Creepy factor:  Mid-twenties billionaire Grey falls for boring woman something like five years younger (no, I'm not willing to research the exact difference), and definitely out of college.  Yeah, he's supposed to be a dominant, but his few kink acts are so tame that you'd find more sexual heat in Julia Child dressing a chicken.  In Twilight, Pattinson is over a hundred years old and becomes infatuated with a high-schooler.  Twilight once again wins by a mile. 

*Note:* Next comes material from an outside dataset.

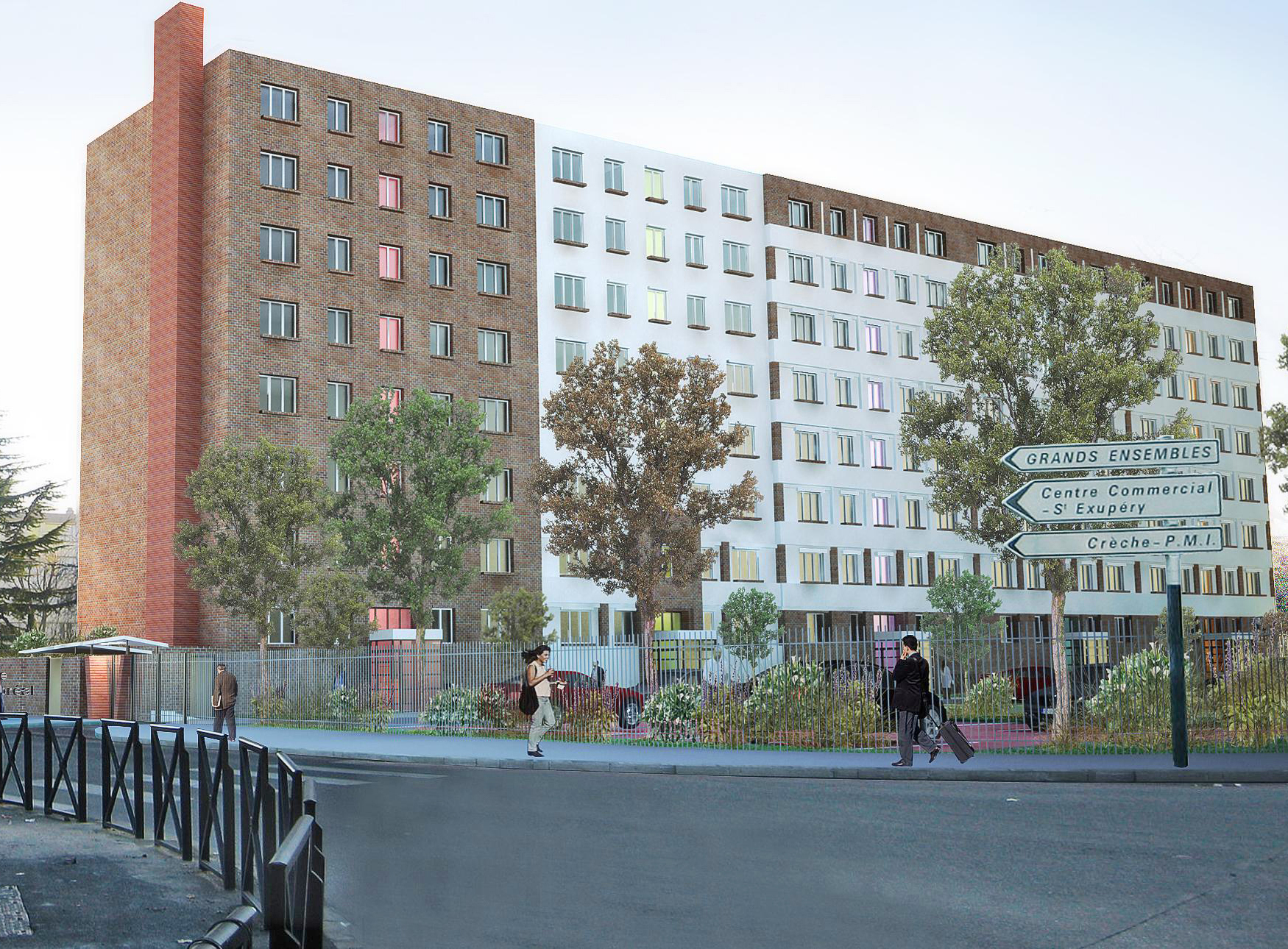 Réhabilitation en milieu occupé de 150 logements : réfection des parties privées et communes, réhabilitation des parkings, installation du tri sélectif et résidentialisation de l'ensemble

I could go on, but I believe the answer to Kyle's question is abundantly clear:  Twilight is far and away the worse of the two movies. 



5 comments:

Anonymous said...

As a heterosexual male who has had to listen to women complain about boring martial art flicks I feel the need to say something to you that I would never tell them. In these movies your opinion doesn't matter. At least I assume it's probably the same. Just a heads up if you saw it with your woman. Being on the other side of it whether the movie was good or bad, well, that s#1$ can get annoying.

-rehcra

Mark said...

I accept that it does not, but just as I don't mind anyone criticizing the many bad flicks I enjoy, I feel these two are fair game. I do, though, take your point, and I try not to bring up movies in person unless someone asks.

John Lambshead said...

Shudder, so far I have managed to avoid either.

Anonymous said...

Oh my, such an Edward hater. I admit that Twilight is wading into the shallow end of the Oscar pool, actually it isn't even in the pool area, but I like my vampires sparkly. I can't speak for Fifty Shades as I doubt I will see it, the books were tough enough to get through. But, c'mon, cut the hot vampire a little slack. He does have a lovely brooding look, albeit, his only look, but still.

Mark said...

Good choice, John.

Anonymous, sorry, but I can't cut Edward any slack.